First interferometric study of enhanced N-fractionation in N2H+: the high-mass star-forming region IRAS 05358+3543

The study of the chemical evolution of our Solar System is a powerful tool to understand how it was formed.  In particular, some isotopic ratios, such as D/H and 14N/15N, can be used to understand whether the molecules in pristine Solar System minor bodies, like comets or asteroids, are inherited from the cold proto-Solar nebula (PSN) or if they are the result of chemical processing within the Solar protoplanetary disc.

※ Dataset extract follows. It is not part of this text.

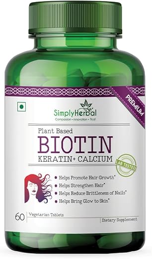 - ULTIMATE NOURISHMENT: Simply Herbal Biotin Supplement with Calcium and Keratin provides ultimate nourishment to stimulate growth, enhance strength and promotes hair & nails health. Our unique formula includes biotin and Keratin Bamboo Extract to help get your glow back from the inside out, without having to buy separate supplements

The 14N/15N ratio measured for the PSN is about 440, two times larger than that measured in the terrestrial atmosphere, about 272. The PSN value is also larger than that measured in comets and in carbonaceous chondrites (100-150). This suggests a local chemical enrichment of 15N during the formation process of the Sun. However, the relation between the 15N-enrichments in pristine Solar System material and the natal clump is still uncertain. Since our Sun was likely born in a rich cluster containing massive stars, i.e. stars with mass > 8 times that of our Sun, which likely exploded as supernovae affecting the dynamics and the chemistry of the PSN, studying the 14N/15N ratio towards intermediate- and high-mass star forming regions is of particular interest for the astrochemical community.

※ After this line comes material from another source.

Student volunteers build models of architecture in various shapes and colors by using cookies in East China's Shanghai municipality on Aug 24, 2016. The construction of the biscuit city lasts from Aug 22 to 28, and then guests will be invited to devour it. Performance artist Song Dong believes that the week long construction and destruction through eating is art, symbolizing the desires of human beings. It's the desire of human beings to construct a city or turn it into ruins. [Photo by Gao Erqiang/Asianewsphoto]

In this context, a team of astronomers led by Laura Colzi – a PhD student at the University of Florence - and including also Francesco Fontani from INAF-Astrophysical Observatory of Arcetri, studied the 14N/15N isotopic ratio towards the high-mass star-forming protocluster IRAS 05358+3543. In this work they have obtained the first interferometric maps of 14N/15N ratio combining single-dish (IRAM 30m radiotelescope) and interferometric NOEMA observations of the 15N isotopologues of N2H+.

 

colzi fig1

Fig.1: Upper panel:WISE observations of the Auriga molecular cloud complex and several zooms towards the high-mass star-forming protocluster IRAS 05358+3543 (NOEMA map in lower panels). Red circles represent the HII regions. WISE colors: blue and cyan represent 3.4- and 4.6-micron wavelengths, which is primarily light emitted from hot stars. Green and red represent 12- and 22- micron wavelengths, which is mostly light from warm dust. Lower panels: NOEMA interferometric maps of N2H+(1-0), on the left, and 15NNH+(1-0), on the right. The blue polygons on the right panels are those from which they have derived 14N/15N isotopic ratios. Note that for N15NH+(1-0) they found a similar map.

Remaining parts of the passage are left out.